── Available data ──

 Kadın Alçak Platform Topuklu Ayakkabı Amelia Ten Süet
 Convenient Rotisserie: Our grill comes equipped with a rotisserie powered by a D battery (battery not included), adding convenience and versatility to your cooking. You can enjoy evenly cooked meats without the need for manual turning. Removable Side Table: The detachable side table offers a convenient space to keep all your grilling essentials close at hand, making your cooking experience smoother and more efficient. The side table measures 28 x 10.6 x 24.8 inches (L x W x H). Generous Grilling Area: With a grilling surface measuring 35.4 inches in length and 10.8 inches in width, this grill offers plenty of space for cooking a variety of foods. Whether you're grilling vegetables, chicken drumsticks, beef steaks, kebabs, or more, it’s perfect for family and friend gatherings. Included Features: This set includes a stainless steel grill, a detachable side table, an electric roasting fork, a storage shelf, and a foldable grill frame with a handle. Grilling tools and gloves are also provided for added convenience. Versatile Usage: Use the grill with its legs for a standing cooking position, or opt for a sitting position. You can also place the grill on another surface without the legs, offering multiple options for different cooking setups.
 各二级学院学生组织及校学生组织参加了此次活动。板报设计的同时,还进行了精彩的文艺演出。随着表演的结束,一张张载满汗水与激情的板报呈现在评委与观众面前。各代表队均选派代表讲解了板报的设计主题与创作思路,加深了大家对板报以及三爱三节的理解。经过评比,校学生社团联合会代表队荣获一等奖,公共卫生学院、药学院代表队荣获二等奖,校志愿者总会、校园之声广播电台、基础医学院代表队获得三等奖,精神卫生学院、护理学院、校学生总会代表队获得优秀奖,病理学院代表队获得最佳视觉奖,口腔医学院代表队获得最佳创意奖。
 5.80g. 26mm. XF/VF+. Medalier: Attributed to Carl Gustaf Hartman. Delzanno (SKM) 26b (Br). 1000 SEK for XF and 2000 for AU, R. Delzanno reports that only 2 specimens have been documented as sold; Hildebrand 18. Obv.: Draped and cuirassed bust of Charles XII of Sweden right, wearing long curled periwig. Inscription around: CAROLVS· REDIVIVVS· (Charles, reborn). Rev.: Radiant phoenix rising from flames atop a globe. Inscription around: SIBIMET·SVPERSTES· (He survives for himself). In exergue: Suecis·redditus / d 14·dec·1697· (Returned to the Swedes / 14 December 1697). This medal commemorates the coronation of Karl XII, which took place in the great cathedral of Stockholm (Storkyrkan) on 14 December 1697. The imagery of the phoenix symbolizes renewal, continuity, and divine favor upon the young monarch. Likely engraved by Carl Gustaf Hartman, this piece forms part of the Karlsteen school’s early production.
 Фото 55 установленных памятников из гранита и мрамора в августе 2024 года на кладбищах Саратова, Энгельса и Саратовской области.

───

● **Required work**
Go through the records from the first line and copy each one exactly, ending after the line that contains "各二级学院学生组织及校学生组". Give nothing else.

● **Answer box**
 Kadın Alçak Platform Topuklu Ayakkabı Amelia Ten Süet
 Convenient Rotisserie: Our grill comes equipped with a rotisserie powered by a D battery (battery not included), adding convenience and versatility to your cooking. You can enjoy evenly cooked meats without the need for manual turning. Removable Side Table: The detachable side table offers a convenient space to keep all your grilling essentials close at hand, making your cooking experience smoother and more efficient. The side table measures 28 x 10.6 x 24.8 inches (L x W x H). Generous Grilling Area: With a grilling surface measuring 35.4 inches in length and 10.8 inches in width, this grill offers plenty of space for cooking a variety of foods. Whether you're grilling vegetables, chicken drumsticks, beef steaks, kebabs, or more, it’s perfect for family and friend gatherings. Included Features: This set includes a stainless steel grill, a detachable side table, an electric roasting fork, a storage shelf, and a foldable grill frame with a handle. Grilling tools and gloves are also provided for added convenience. Versatile Usage: Use the grill with its legs for a standing cooking position, or opt for a sitting position. You can also place the grill on another surface without the legs, offering multiple options for different cooking setups.
 各二级学院学生组织及校学生组织参加了此次活动。板报设计的同时,还进行了精彩的文艺演出。随着表演的结束,一张张载满汗水与激情的板报呈现在评委与观众面前。各代表队均选派代表讲解了板报的设计主题与创作思路,加深了大家对板报以及三爱三节的理解。经过评比,校学生社团联合会代表队荣获一等奖,公共卫生学院、药学院代表队荣获二等奖,校志愿者总会、校园之声广播电台、基础医学院代表队获得三等奖,精神卫生学院、护理学院、校学生总会代表队获得优秀奖,病理学院代表队获得最佳视觉奖,口腔医学院代表队获得最佳创意奖。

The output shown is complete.